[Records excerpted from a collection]

******************************

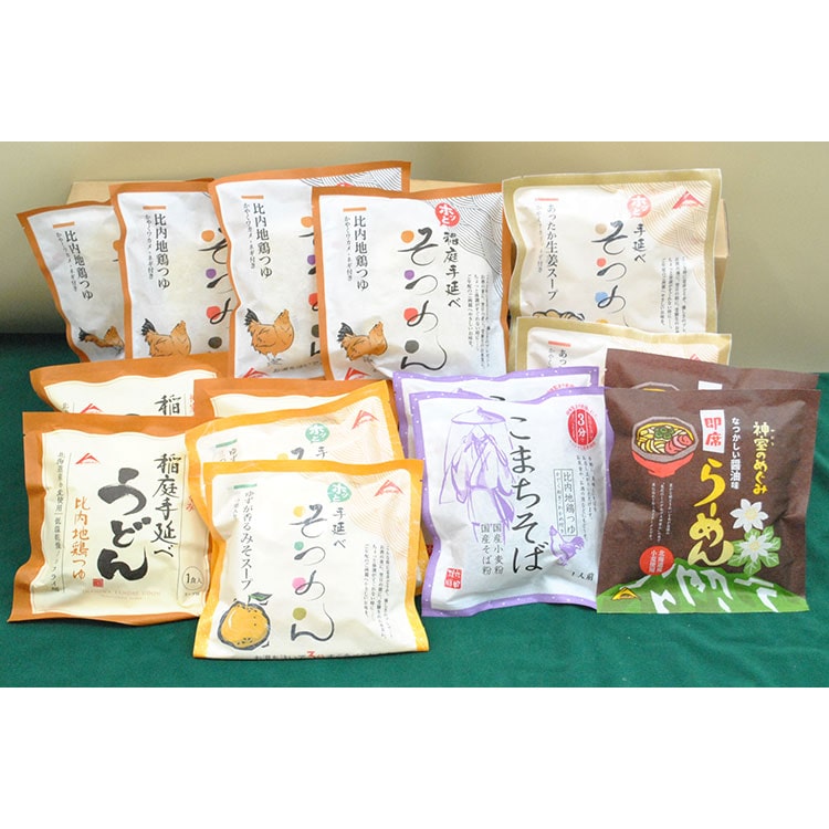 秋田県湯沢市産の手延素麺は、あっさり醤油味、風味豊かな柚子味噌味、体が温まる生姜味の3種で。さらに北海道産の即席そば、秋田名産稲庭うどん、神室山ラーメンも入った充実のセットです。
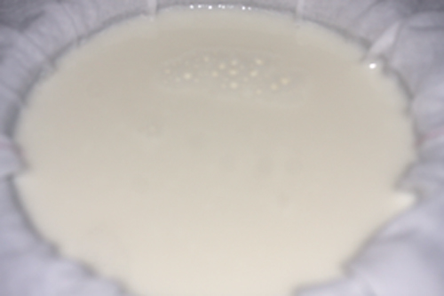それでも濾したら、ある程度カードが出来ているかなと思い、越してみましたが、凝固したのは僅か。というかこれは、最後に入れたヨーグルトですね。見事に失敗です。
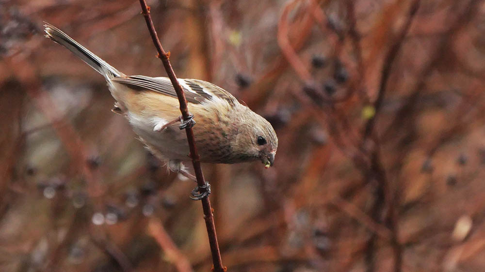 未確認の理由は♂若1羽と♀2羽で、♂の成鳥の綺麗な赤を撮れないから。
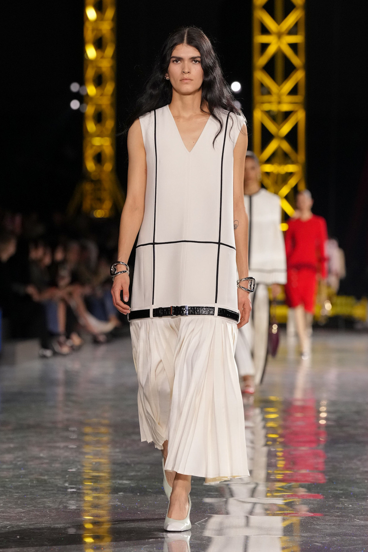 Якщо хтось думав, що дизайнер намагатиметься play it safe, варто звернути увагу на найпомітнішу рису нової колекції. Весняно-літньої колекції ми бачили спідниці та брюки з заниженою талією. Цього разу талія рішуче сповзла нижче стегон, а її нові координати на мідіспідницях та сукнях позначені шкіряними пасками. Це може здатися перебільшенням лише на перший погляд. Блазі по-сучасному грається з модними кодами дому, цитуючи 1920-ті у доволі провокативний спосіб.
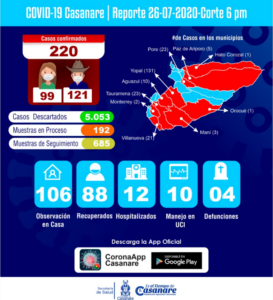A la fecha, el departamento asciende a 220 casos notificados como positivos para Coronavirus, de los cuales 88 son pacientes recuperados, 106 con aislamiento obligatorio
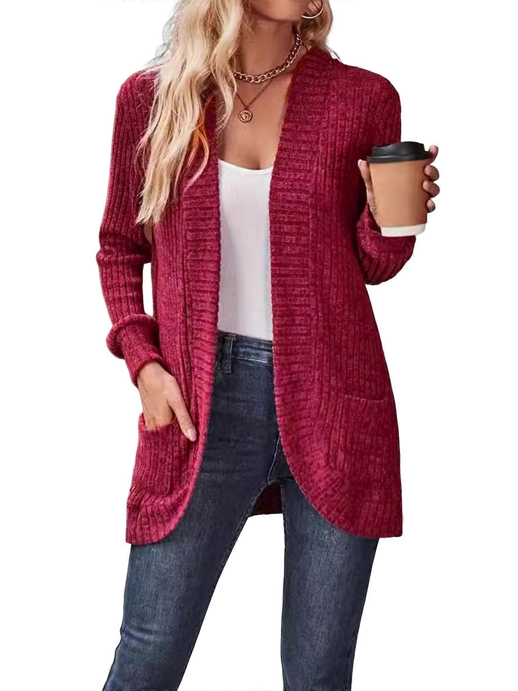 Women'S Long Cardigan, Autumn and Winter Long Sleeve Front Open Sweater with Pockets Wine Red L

******************************

WORK TO BE COMPLETED – To answer, repeat exactly the lines from the line containing "A la fecha, el" through the last line of the data above, leaving out all pictures.

REPLY –
A la fecha, el departamento asciende a 220 casos notificados como positivos para Coronavirus, de los cuales 88 son pacientes recuperados, 106 con aislamiento obligatorio
 Women'S Long Cardigan, Autumn and Winter Long Sleeve Front Open Sweater with Pockets Wine Red L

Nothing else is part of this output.